We use Glue extensively, but we have a rule of thumb not to use any of the 'spec...

kommissar · on Nov 13, 2020

> We use Glue extensively, but we have a rule of thumb not to use any of the 'special sauce'. That means is using it purely for 'Spark as a service'

This is spot on IMO. I use Glue internally (opinions are my own) and still believe that the best course of action is Glue should only run managed Spark. We provide an empty Scala "script" that does nothing, and load a compiled JAR file with the Scala code that actually runs our job as a library and have Glue exec into that.

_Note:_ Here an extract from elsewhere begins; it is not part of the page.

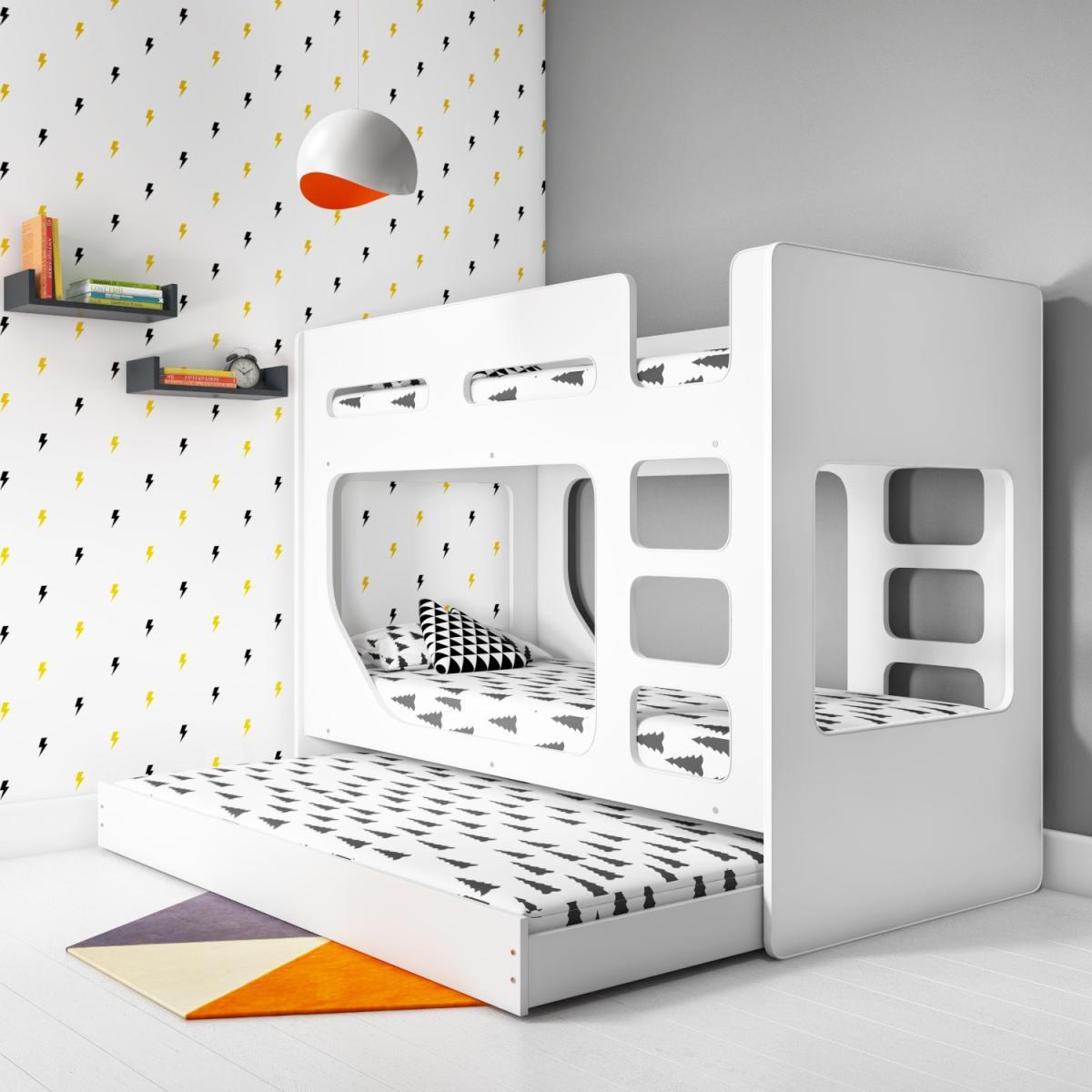 Features we love Trundle bed can be pulled out for sleepover solutions. Built-in ladders on both sides. Curved-edged sturdy railings for sleeping safely Trundle has integrated wheels for ease of use Clean white finish is great with any bedroom style Need to know. Dimensions. W196.6 x D98.5-193.5 x H150.5 cm Size. Standard UK single 3ft/90x190cm Max mattress depth for trundle. 17.5 cm Material. Wood Finish. White Base. Slatted Mattress. Not included Max weight per bunk/trundle. 120 kg Assembly required. Yes.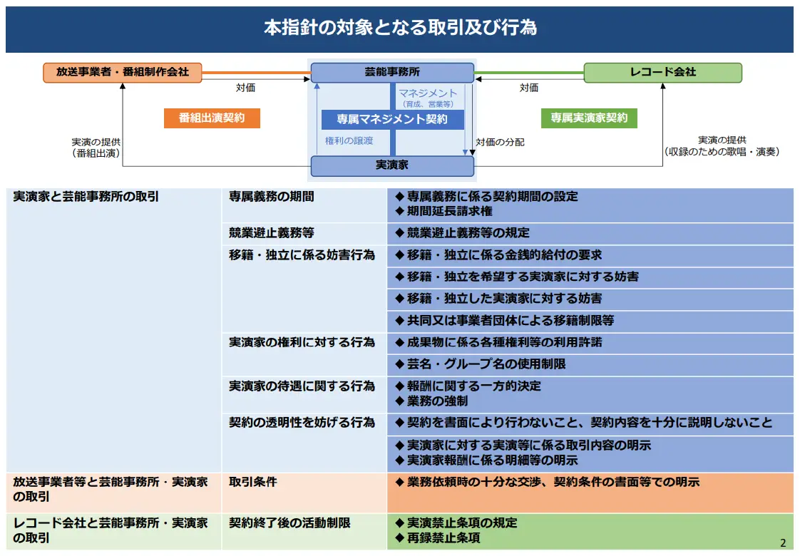 | 行動指針 | 芸能事務所が採るべき行動と問題となり得る行動の例 |

We can version the ETL in git, run local tests outside of the Glue data plane, prototype in the Spark shell, and much more.

orf · on Nov 12, 2020

GlueContext mostly manages bookmarks as far as I can tell, which are an insanely useful feature for us.

RobinL · on Nov 12, 2020

Interesting - I was vaguely aware of the existence of bookmarks. I'd be interested to know about what you're using them for - they definitely _sound_ useful. I guess it probably depends what sort of workloads you're doing. At the moment we use Airflow to manage DAGs/retries etc. I like it as a user, but from what I understand from our ops people it's a pain to manage.

orf · on Nov 12, 2020

The use case is pretty simple. You’ve got a bucket that you want to load data from and shuffle it away somewhere else (redshift, s3, whatever). This could be populated by a Firehose, another system, etc etc. Bookmarks just store the greatest “created time” for the files you’re loading from s3. So when you trigger a job it will only load files created since the last successful run. It does some funky stuff to handle s3’s eventual consistency with LIST operations.

Super simple incremental loading. This also works when loading data from a relational database, by storing the greatest primary key value.

RobinL · on Nov 12, 2020

Thanks, that's really useful

ByteJockey · on Nov 13, 2020

Reading from/writing to glue tables works rather well, in addition to S3, although that's just a rather thin layer over s3.